Banking Regulation: An Overview of the Banking Act of 1933, The Consumer Financial Protection Bureau and the Dodd-Frank Act of 2010

2 12 2014

Mark Ellis, Ph.D. Alumnus – Loyola University Chicago School of Law

Introduction

This article will provide a brief overview of banking regulation, which has transpired since the 20th century. As such, an overview of the Banking Act of 1933[1], the establishment of the consumer financial protection Bureau, and the Dodd Frank Wall Street Reform and consumer protection reform act will be presented. Such legislation and regulatory bodies have been enacted in reaction to the overwhelming financial crisis that has transpired in the United States[2]. These reforms will be examined in light of the current economic and political landscape in the United States. Further, some of the major criticisms of the regulations and enforcement agencies will be presented.

The Banking Act of 1933

Congress enacted the Banking Act of 1933 in order to impose banking reforms[3]. The rationale behind the act was to regulated banking activities and to prevent practices such as undo diversion of funds, provide safer use of the assets of banks and regulate interbank control.[4] In this act, there was the creation of the Federal Deposit Insurance Corporation also known as the FDIC, which is a Corporation in the United States and operates independently so as to guarantee the safety of depositor accounts.[5] Over the process of time the amount of deposit guarantees have risen to $250,000 and remains the maximum amount as of 2014[6].

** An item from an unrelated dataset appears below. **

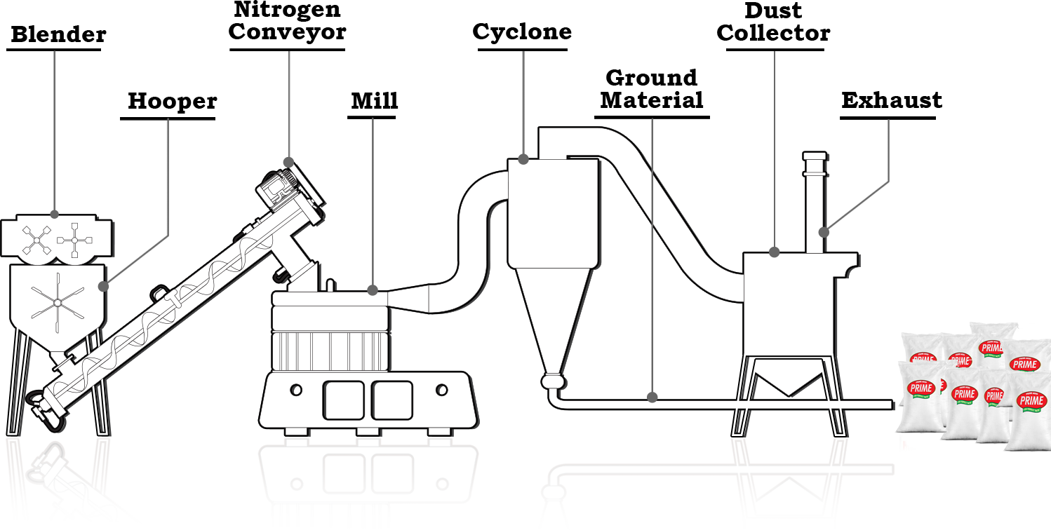 World-Class Cryogenic Grinding facility with production output of upto 2000Kg/hr. Controlled and Monitored by SCADA systems.

Of note, The Banking Act of 1933 is often referred to as the Glass-Steagall Act. This legislation prohibited banks from trading securities with client deposits creating unnecessary risk. Moreover, limitations were set on banking and investment activities which would allow for up to 10% of the capital in banks service but only 5% of their capital and small business investment companies. Under this act, substantial limitations were put in place regarding purchasing and selling securities. Interestingly, despite the safety mechanisms were put in place under this act, much of the act has been repealed over the years. The rationale behind the repeal is that some of the legislation was among other issues, too inhibiting.[7]

However, there are quite a number of provisions that are still in effect which require banks to provide its district Federal Reserve Bank and Federal Reserve Board and national banks to provide the Comptroller of currency a series of reports on their affiliates.[8] Further, there are also old revisions that remain in place which will establish criminal penalties for misconduct by any directors or officers of the Federal Reserve system member banks and gives power to the Federal Reserve to remove them if such officers or directors are found only liable for such conduct.[9] Moreover, the legislation mandated restriction affiliation between commercial and investment banks. Further, no entity or person could engage in business of issuing, underwriting, selling, or distributing securities and deposits.[10]

Although varying components of this legislation has been repealed, much of the legislation still exists today. Interestingly, criticisms of the repeal purport that portions of legislation that were repealed can be directly linked to the financial collapse of 2007 and 2008. As such, in reaction to the financial collapse that rocked the global economy further legislation was enacted in order to help prevent such a crisis again.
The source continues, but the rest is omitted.